Question

Help !! please !!
i'll post the pic up in a bit

Answer 1

He's right, and it can be proven with the intermediate value theorem.

Answer 2

how?

Answer 3

Suppose Shasta's temperature is \(s(t)\) and Dr. James Stewart's temperature is \(j(t)\).
Let:\[
f(t) = s(t) - j(t)
\]Let \(t_1\) be the time when Shasta is in Alaska and \(t_2\) be the time Stewart is in Alaska.

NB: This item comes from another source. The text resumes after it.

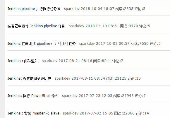 Jenkins (8篇) ; https://www.cnblogs.com/sparkdev/tag/CI%2FCD/
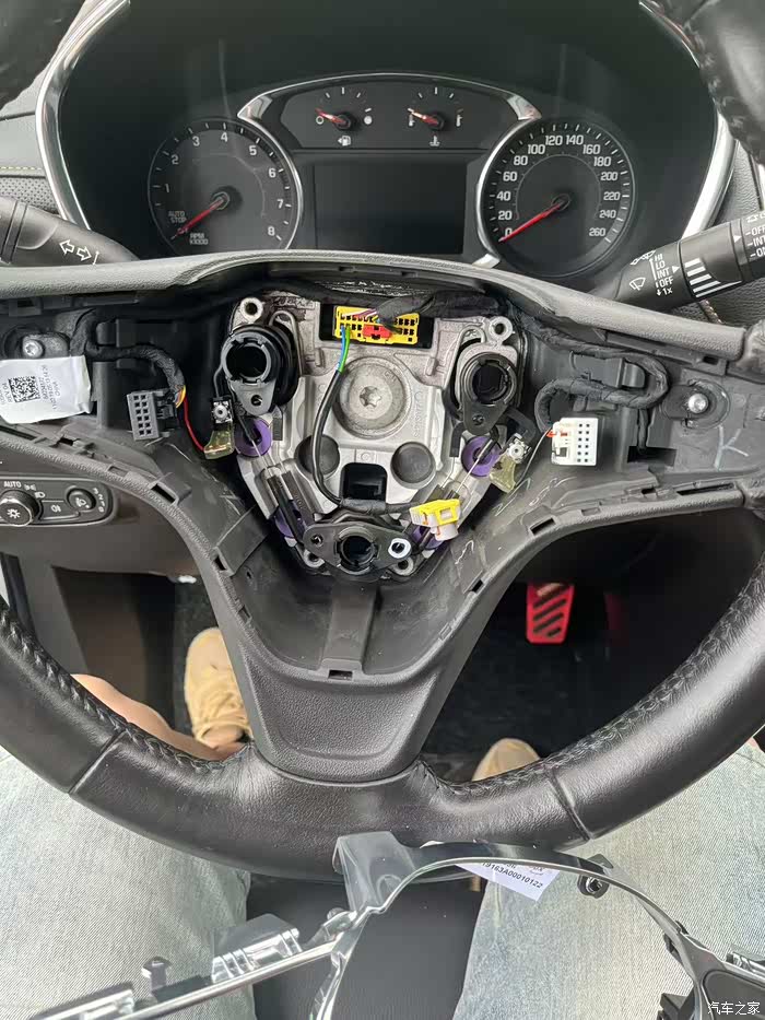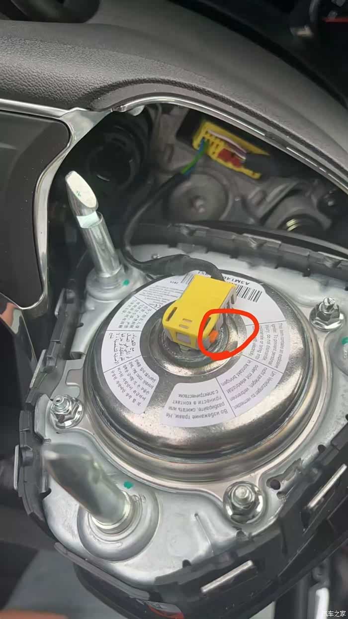 3,拆主气囊,开车门,调座椅到最后,开左右车窗,开机盖,协下电瓶负极,最后用个绝缘的包下负极头。用自做的工具插入方向盘下,左右,各有一个小洞,同时用力顶下,安全气囊就弹起来了,轻拿起,后面还有根线。

Since Shasta is colder than Stewart at \(t_1\): \[
s(t_1) < j(t_1) \implies f(t_1) < 0
\]And when Stewart is in Alaska: \[
s(t_2) > j(t_1) \implies f(t_2) >0
\]

Answer 4

ohh !!

Answer 5

Can you finish it?

Answer 6

i think i'm still going to need more help

Answer 7

Well we know that \(f(t)\) is continuous on the interval \([t_1,t_2]\).
We also know that \(f(t_1)<0<f(t_2)\).
So the intermediate value theorem claims that there must be some \(t\in [t_1,t_2]\) where \(f(t) = 0\).

Answer 8

When \(f(t)=0\) then we have: \[
f(t) = s(t)-j(t) \implies 0=s(t)-j(t)\implies j(t) = s(t)
\]

Answer 9

That is pretty much all of it.

Answer 10

let me try to understand this :D but thanks !!!